Its primary task is to assist the operating businesses accomplish their objectives by bringing a systematic disciplined approach to the evaluation and improvement of controls, risk management and asses protection.
Remuneration CommitteeThe Committee’s primary objective is to set remuneration at a level that will enhance the Group’s resources by attracting, retaining and motivating quality senior management who can deliver the Group’s strategic ambitions within a framework aligned with shareholder interests.
The Board operates a Nomination Committee to ensure that the Board remains balanced and effective, that succession plans are in place, and that its structure, composition and skills remain aligned to the Group’s strategic objectives.

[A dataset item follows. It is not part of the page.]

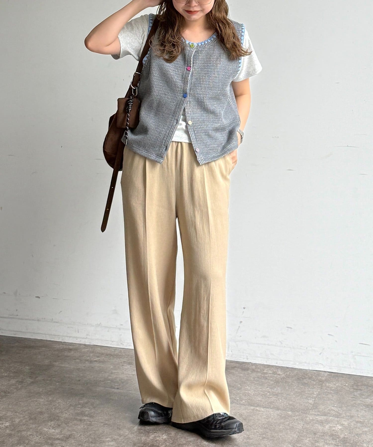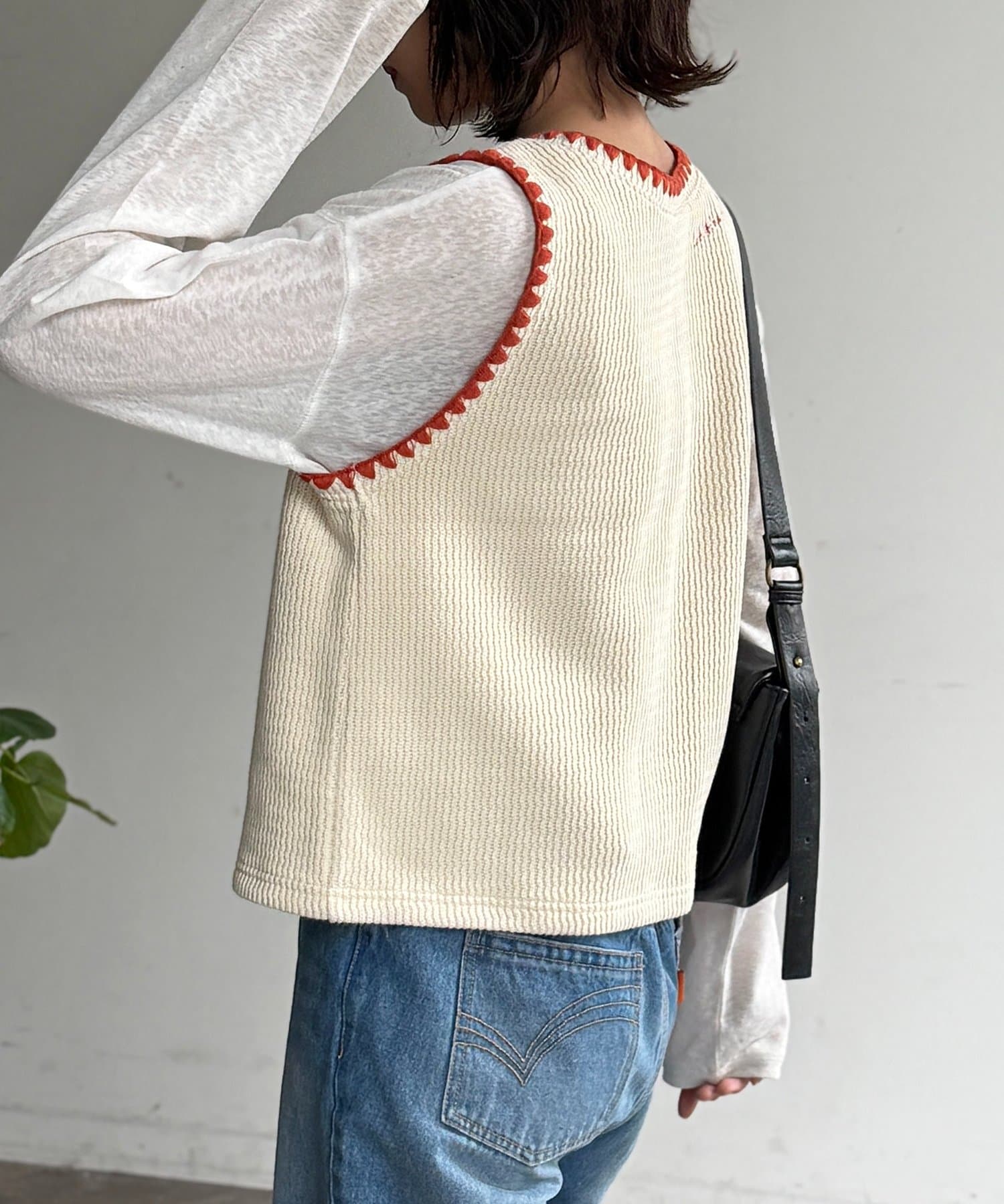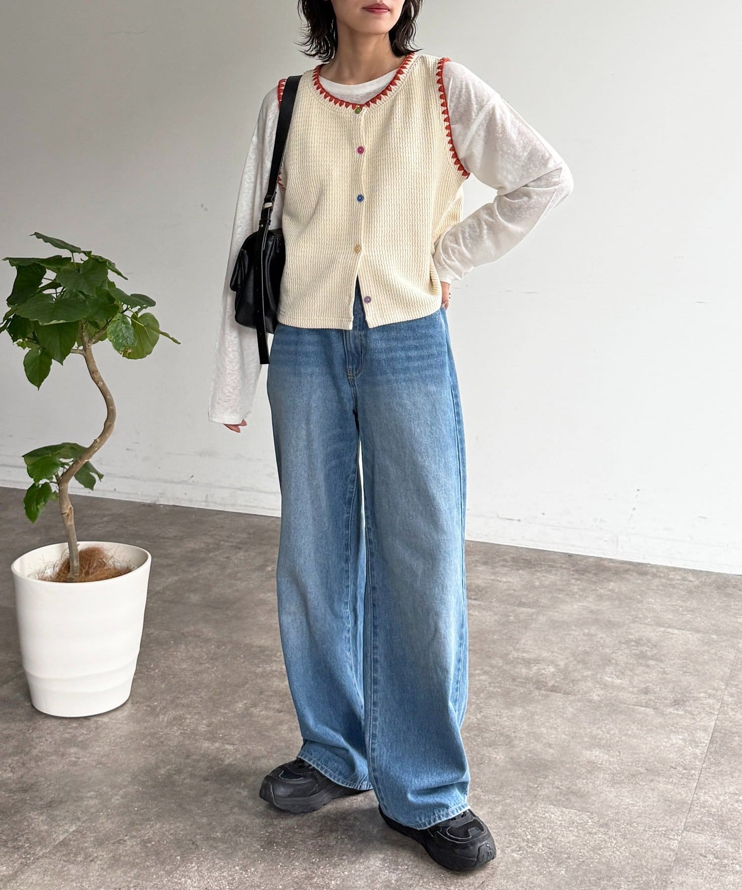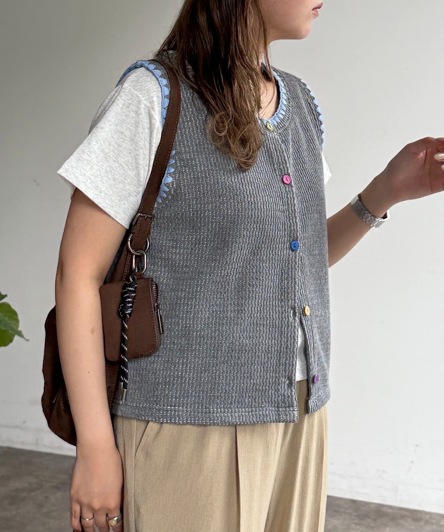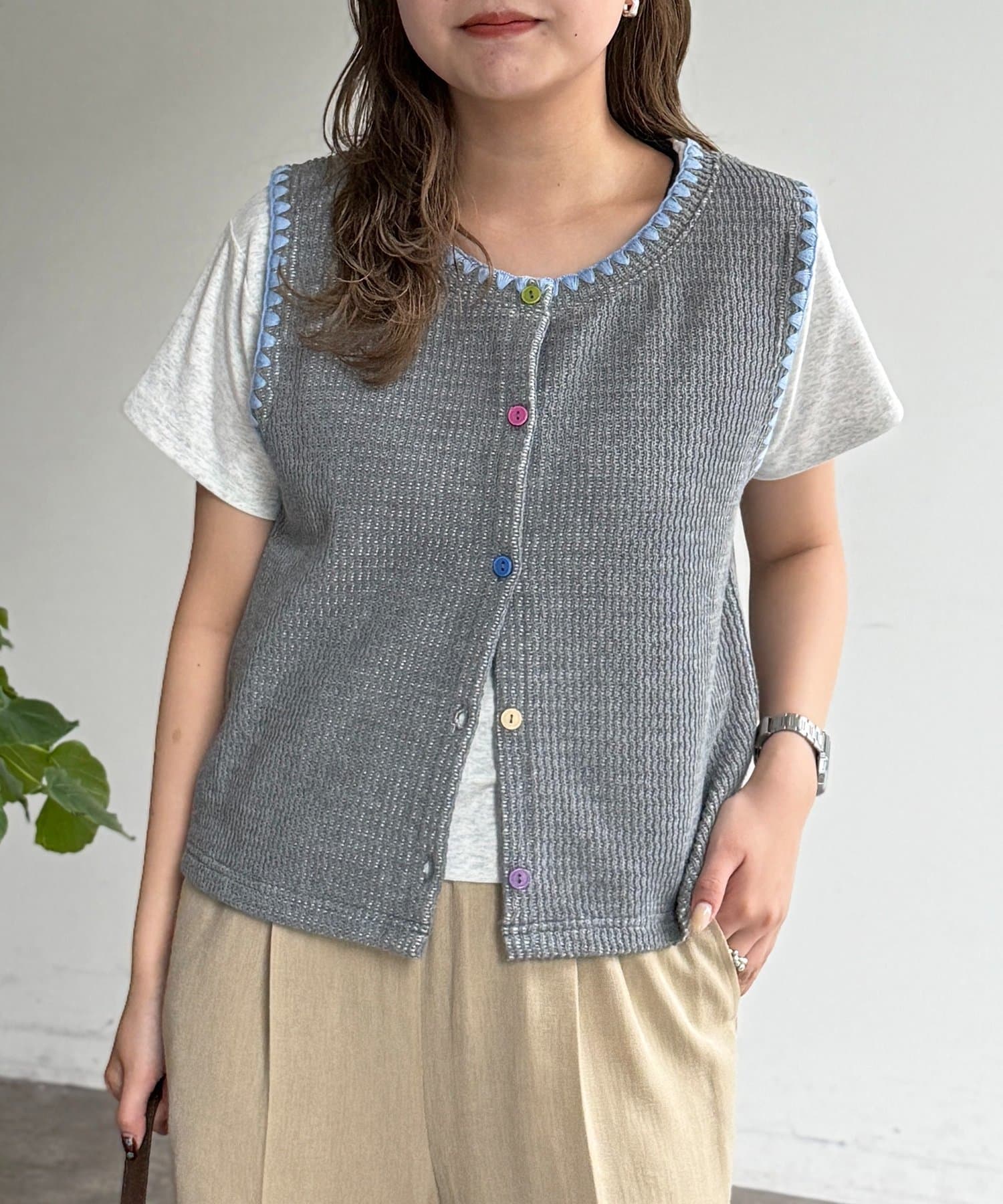配色ステッチとカラーボタンが目を惹く、遊び心のあるニットベスト
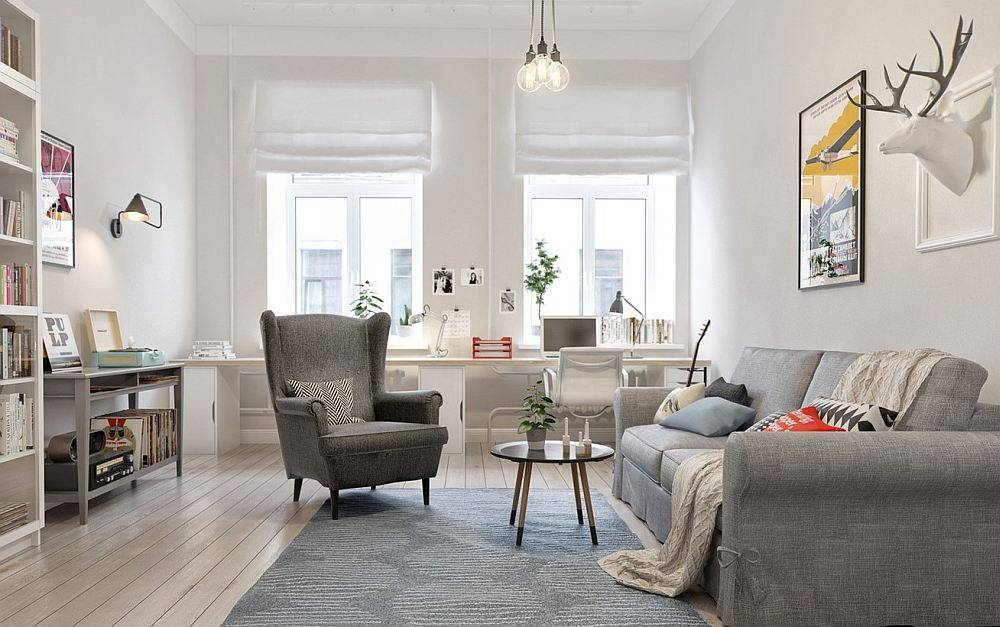 Каркасный дом в скандинавском и шведском стилях характеризуется окрашенными белыми стенами, темным полом из натурального дерева и балками на потолке. Интерьеру присущ минимализм и максимально функциональная простая мебель.

The Executive Committee consists of individuals responsible for the strategic business units and key functions. Together they are responsible for the day to day management of the Group’s business affairs under the leadership of the Chief Executive. This includes formulating strategy proposals for Board approval and ensuring that the agreed strategy is implemented in a timely and effective manner.
Group Risk Committee
The Group operates a Risk Committee to ensure that inherent and emerging risks in the Business are identified and managed in a timely manner and at an appropriate level. The Committee reviews the organisation’s response to specific areas of risk, and approves standards and processes where control weaknesses are considered to exist.
Reshaping Tomorrow CommitteeThe Reshaping Tomorrow Committee is a delegated authority of the Executive Committee, with the primary purpose of providing strategic leadership direction and oversight and setting the Group’s policy on corporate responsibility. Its scope covers environment issues, community investment, diversity and inclusion.
The Board takes ultimate responsibility for the Group’s systems of risk management and internal control, and for reviewing their effectiveness.